I have a regex/soundex type method:

public static string SoundEx(string word)
{
    if (word.All(char.IsDigit))
    {
        //sentenceParts = words;
        return word;
    }
    word = word.ToUpper();
    word = word[0] +
        Regex.Replace(
            Regex.Replace(
            Regex.Replace(
            Regex.Replace(
            Regex.Replace(
            Regex.Replace(
            Regex.Replace(word.Substring(1), "[AEIOUYHW]", ""), "[BFPV]+", "1"), "[CGJKQSXZ]+", "2"), "[DT]+", "3"), "[L]+", "4"), "[MN]+", "5"), "[R]+", "6");

    return word;//word.PadRight(4, '0').Substring(0, 4);
}

This works fine on strings with one word but as soon as you dump a sentence in it can start acting funny.

"The big brown cat." and "The big brown dog."

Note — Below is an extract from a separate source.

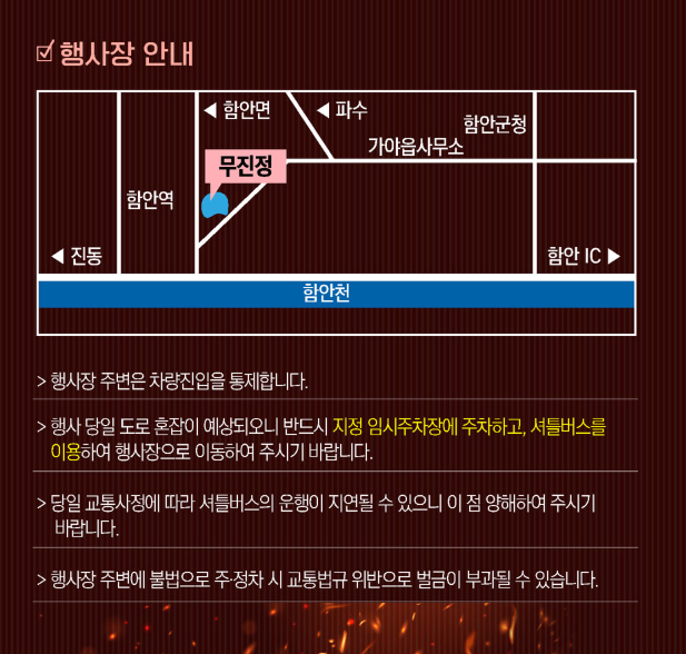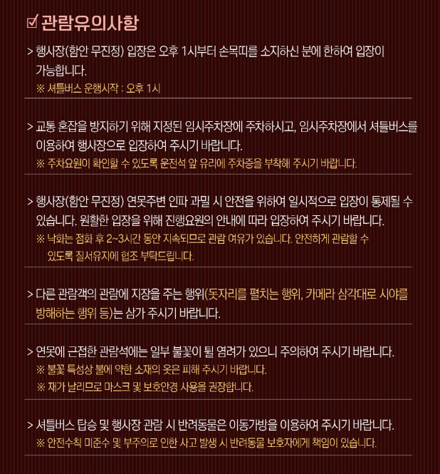 불꽃 축제는 안전이 최우선입니다. 축제장을 방문하시는 모든 분께서는 축제 운영 요원의 안내에 잘 따라주시고, 안전선 안에서 축제를 즐겨주시길 바랍니다. 아름다운 함안 낙화놀이를 더욱 편안하고 안전하게 감상하기 위해 관람객들의 협조가 절대적으로 필요합니다.

Come up as a match. Now I understand it keeps the first char of the first word and then starts using the regex to match numbers to the vowels, etc. But how can I implement this on an entire sentence making it more accurate?

Laurel
  • 5,965
  • 14
  • 31
  • 57
VinnyGuitara
  • 605
  • 8
  • 26
  • What is it supposed to do? – Kenny Lau Apr 28 '16 at 15:41
  • Take answers to a "quiz" and soundex them in case of minor spelling errors. It works for single words like: Retroactive vs. Ritroactive Will return a match but Retroactive vs Metroactive Will return no match etc. – VinnyGuitara Apr 28 '16 at 15:44
  • I still don't get it. What does `Retroactive` return? – Kenny Lau Apr 28 '16 at 15:49
  • Let me rephrase this: The function simply takes in strings and returns a value based on regex and then my program compares them to see if they are similar. "Foot" and "Fut" should return a match "Foot" and "Food" should not – VinnyGuitara Apr 28 '16 at 15:52
  • 1
    What do you mean by match? The results for your example are different "T 12 165 23." vs "T 12 165 32." – Sign Apr 28 '16 at 15:53
  • Then remove all the punctuation from the sentences and then split by whitespace? – Kenny Lau Apr 28 '16 at 15:53
  • @KennyLau - That is what I thought it would take. I just figured maybe someone had more experience in this and would know a better technique. – VinnyGuitara Apr 28 '16 at 15:54
  • Don't `Foot`, `Fut`, `Food` all return `F3`? – Kenny Lau Apr 28 '16 at 15:55
  • @Sign - when I run the two sentences from my OP through the function I get "T12" for both. You are seeing "T 12 165 23"... that is very interesting. Did you just use the code I posted? – VinnyGuitara Apr 28 '16 at 15:56
  • @KennyLau - Can try with the two sentences in the OP... "The Big Brown..." I get "T12" for both... but user Sign says he gets more detailed results. – VinnyGuitara Apr 28 '16 at 15:56
  • 1
    Yeah I used your code. It seems like you are just doing the first word not the whole sentence. – Sign Apr 28 '16 at 16:15
  • Soundex was designed to find English names that sound similar when spoken and is not suited for doing anything else with. If you explained what you want these codes for we may be able to recommend a better alternative. – Dour High Arch Apr 28 '16 at 16:16
  • Thanks @Sign, you kind of pointed me in the right direction. It was this: word.PadRight(4, '0').Substring(0, 4); I know its commented out in my above code but that was not the code that was in my project. I made a mistake when I posted. I guess I had the solution all along in my test project. Once removed I now get "T 12 165 23" vs "T 12 165 32"... This is exactly what I was after. I guess I shouldn't rush to post. Thanks for the nudge in the right direction. – VinnyGuitara Apr 28 '16 at 16:16
  • @DourHighArch - I am simply looking for a way to allow slight spelling mistakes in a console based quiz game. This is not homework, lol. It is for a quick quiz on company acronyms. It's actually just for me personally to learn new acronyms and company information. If you have a better solution other than the soundex I am all ears. – VinnyGuitara Apr 28 '16 at 16:18

1 Answers1

3

You have to soundex each word separately. That turns the sentence into a set of 4-byte codes instead of string of characters. You then compare the sets against each other.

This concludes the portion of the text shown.